In a study by van Oosterom [27], a method was presented to reconstruct the heart-surface potentials based on a priori knowledge about their spatial covariance. This knowledge is usually not available, and this method therefore cannot be applied in practice. However, with methods similar to those presented in the present paper, knowledge about the spatial covariance could be simulated, making it worthwhile to re-investigate this approach.

In a recent study by Lopez-Rincon et al. [13], heart-surface potentials were reconstructed with the help of a simulation based on the bidomain equations, similar to the TNNPb monodomain simulations performed in this manuscript. We have shown that, in our implementation, such a detailed cellular implementation does not contribute to the accuracy of reconstructions.

Some implementations of the inverse problem of electrocardiography are not based on a potential-based formulation, as in this study, but define cardiac activity in terms of activation wavefronts or other equivalent sources. In the wavefront-based formulation of the inverse problem (cellular), electrophysiology models have always been part of the reconstruction process, e.g., by including a model of the expected transmembrane potentials [9, 26] or modeling the activation wavefront as a physiologically inspired propagating curve [10].
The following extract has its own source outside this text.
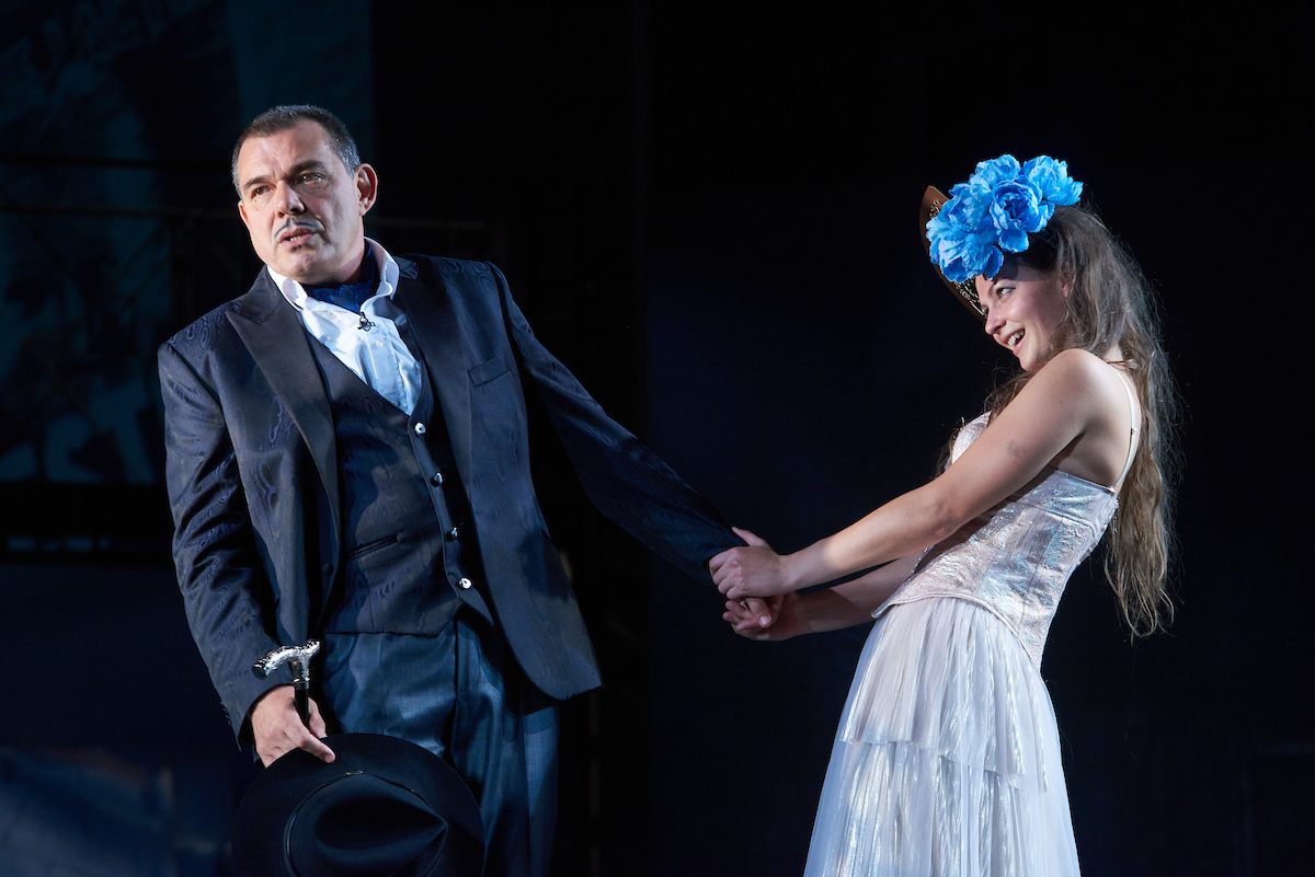 Eszenyi nagyvonalú, erősen teátrális látomásban fogalmazta színpadra est a groteszk tragédiát, monstrumdrámát, sajátosan elegyítve a 19-20. század világát mai elemekkel. A nagy társadalmi tablót, melyet vad és elementáris epizódok tördelnek, remek színészi játék tartja össze: a majdhogynem végig színpadon levő Imre Éva Luluja és az ő sorsát alakítók-kísérők színpadias kavalkádja.

Although our method was not the first to include electrophysiological data to improve the inverse reconstruction of electrical activity on the heart, to the best of our knowledge it is the first to apply it to obtain both activation and recovery patterns and validate these in vivo.

5 Conclusion

We have introduced and validated PBR, a novel method to noninvasively reconstruct epicardial potentials from body-surface potentials. By incorporating simulated electrophysiological input in the regularization of the inverse problem of electrocardiography, more information is recovered in the reconstructed epicardial electrograms. Reconstruction of recovery time, in particular, is improved with this method. While we found that the level of temporal detail in the simulations did not affect the results, the inclusion of spatial characteristics (i.e., suspected LV or RV origin) did improve accuracy. Noninvasive imaging of recovery abnormalities with PBR can greatly benefit risk assessment and improve understanding of their role in arrhythmias. This may help to answer clinical questions with improved accuracy.